What does "modified the data structures to be templated on SerialWrapperNode" mean? Does it just mean that you're using Tpetra with the Serial execution space, instead of the Cuda execution space?

jhux2 commented 6 years ago

in case I'm missing something, I only see a way to convert from CrsMatrix to BlockCrsMatrix (the other direction) in this file?

Fwiw, you could write the BlockCRS matrix to file and read it back in as a point CRS matrix, using the Operator write method.

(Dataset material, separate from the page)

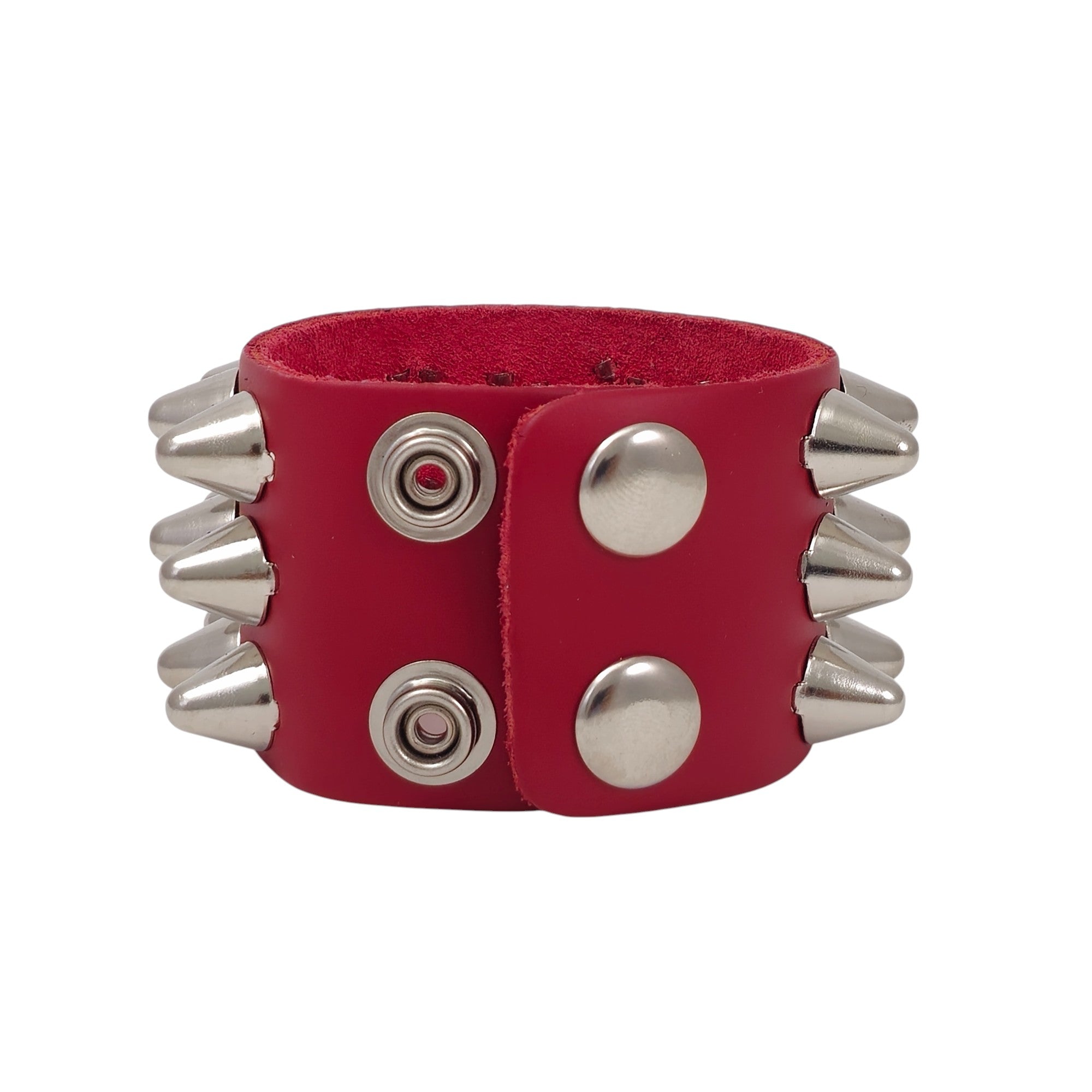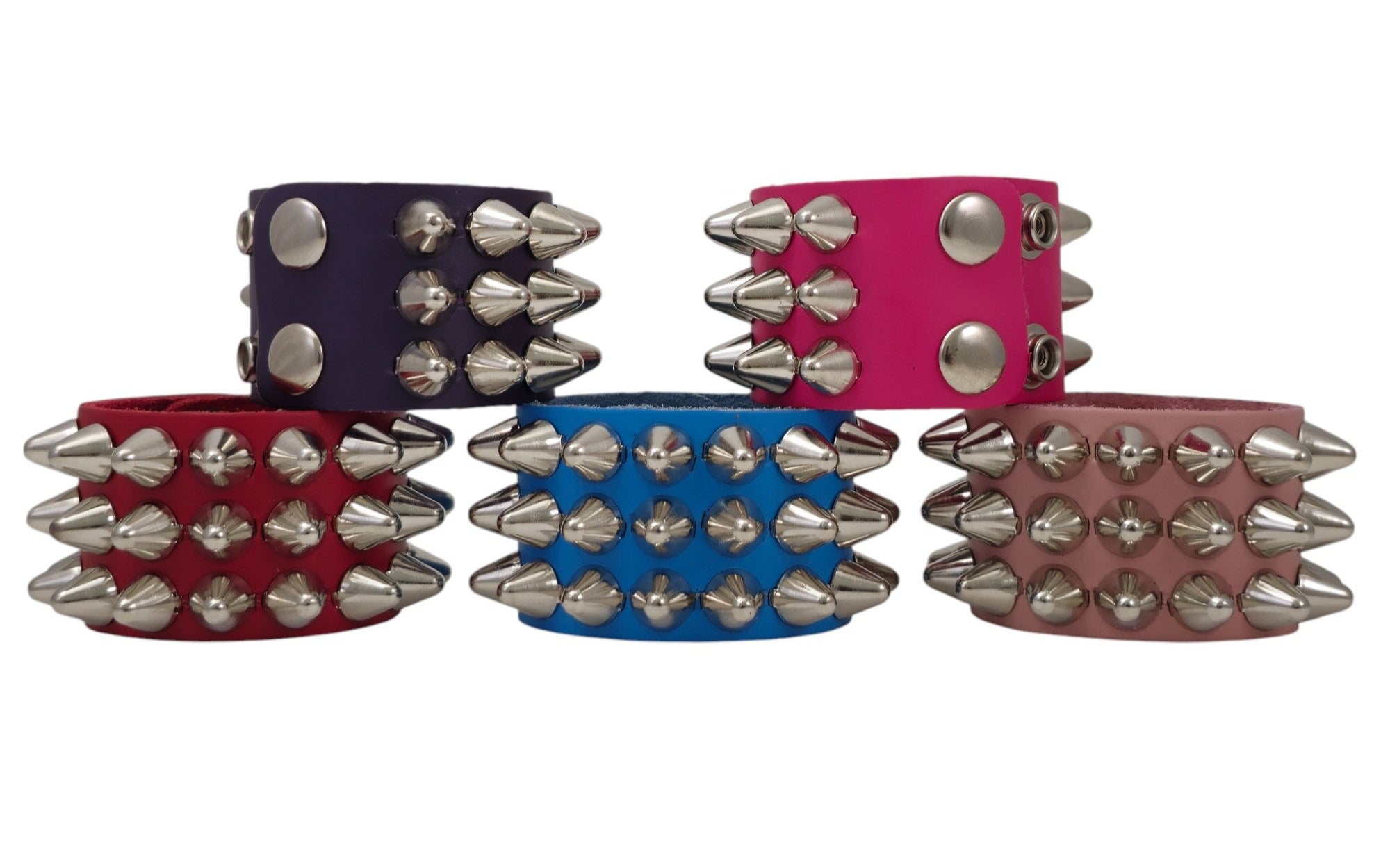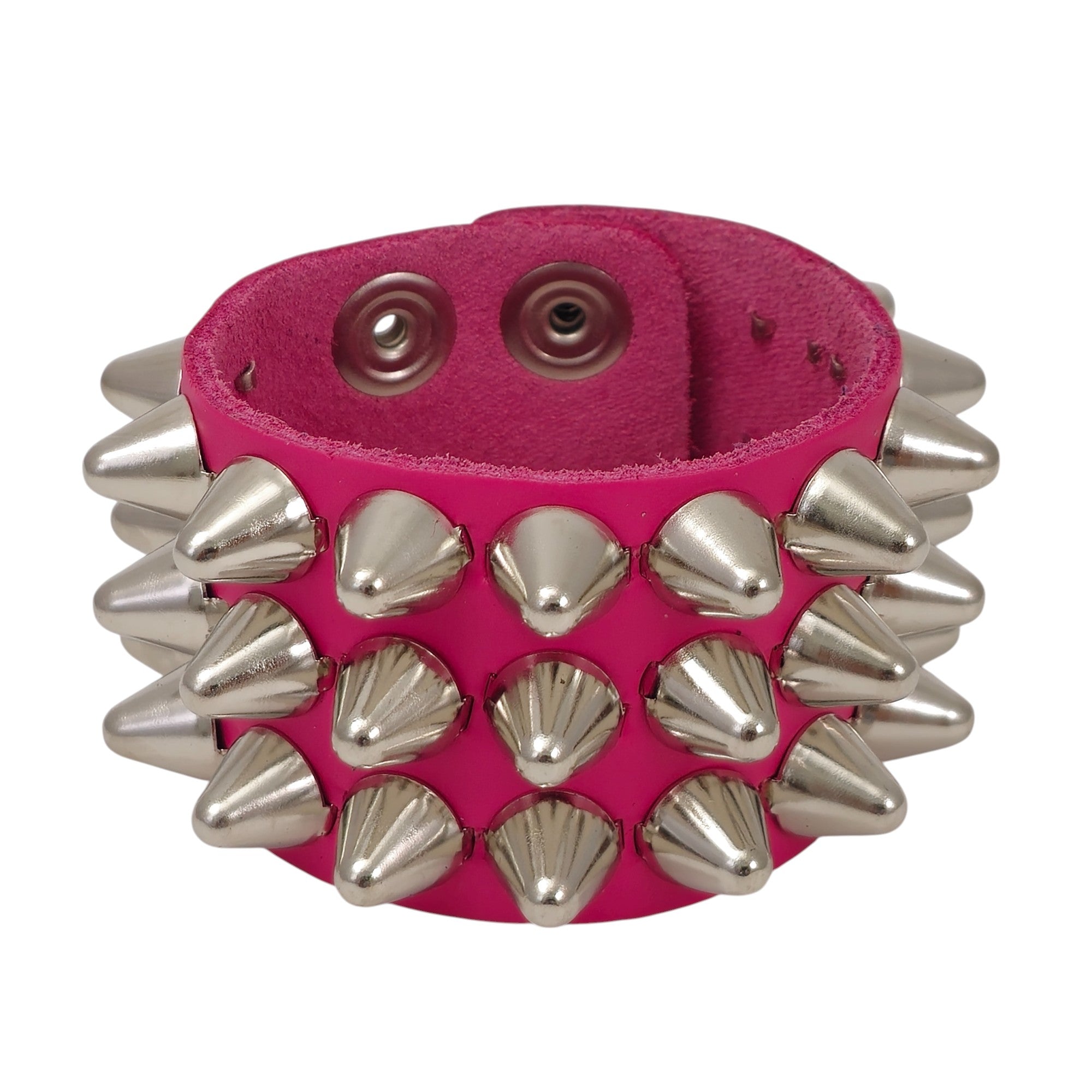 BC256L-ITL ITALIAN GENUINE LEATHER THREE ROW UK77 CONE STUDDED BRACELET

ctanis commented 6 years ago

@mhoemmen I used the LSNode typedef in my code snippet as the node_type in the declarations of the various linear algebra objects used in the solve. I guess I mean that applied the templates in this way -- sorry for the confusing word choice!

ctanis commented 6 years ago

Sorry for reviving this old thread, but we finished our paper and I'm back trying to get reasonable Tpetra performance with the block structures. Specifically I'm trying to use Cuda to build my system and then (for now) use OpenMP to parallelize Tpetra+Belos. Recall: block matrix-vector multiplication using MPI+Cuda is extraordinarily slow on our system.

Does Tpetra+Belos scale well with MPI+OpenMP? I'm seeing one process using 100% of the CPU, and then many processors that barely register on top (floating around 2%) when I'm running on two MPI processes. On one MPI process, there's one 100% process and then many with 10-15% CPU. I have set all the recommended OMP_PLACES, OMP_BIND, etc.

I'm starting to be suspicious that my Map data structures are not optimal (though I do get all the right answers).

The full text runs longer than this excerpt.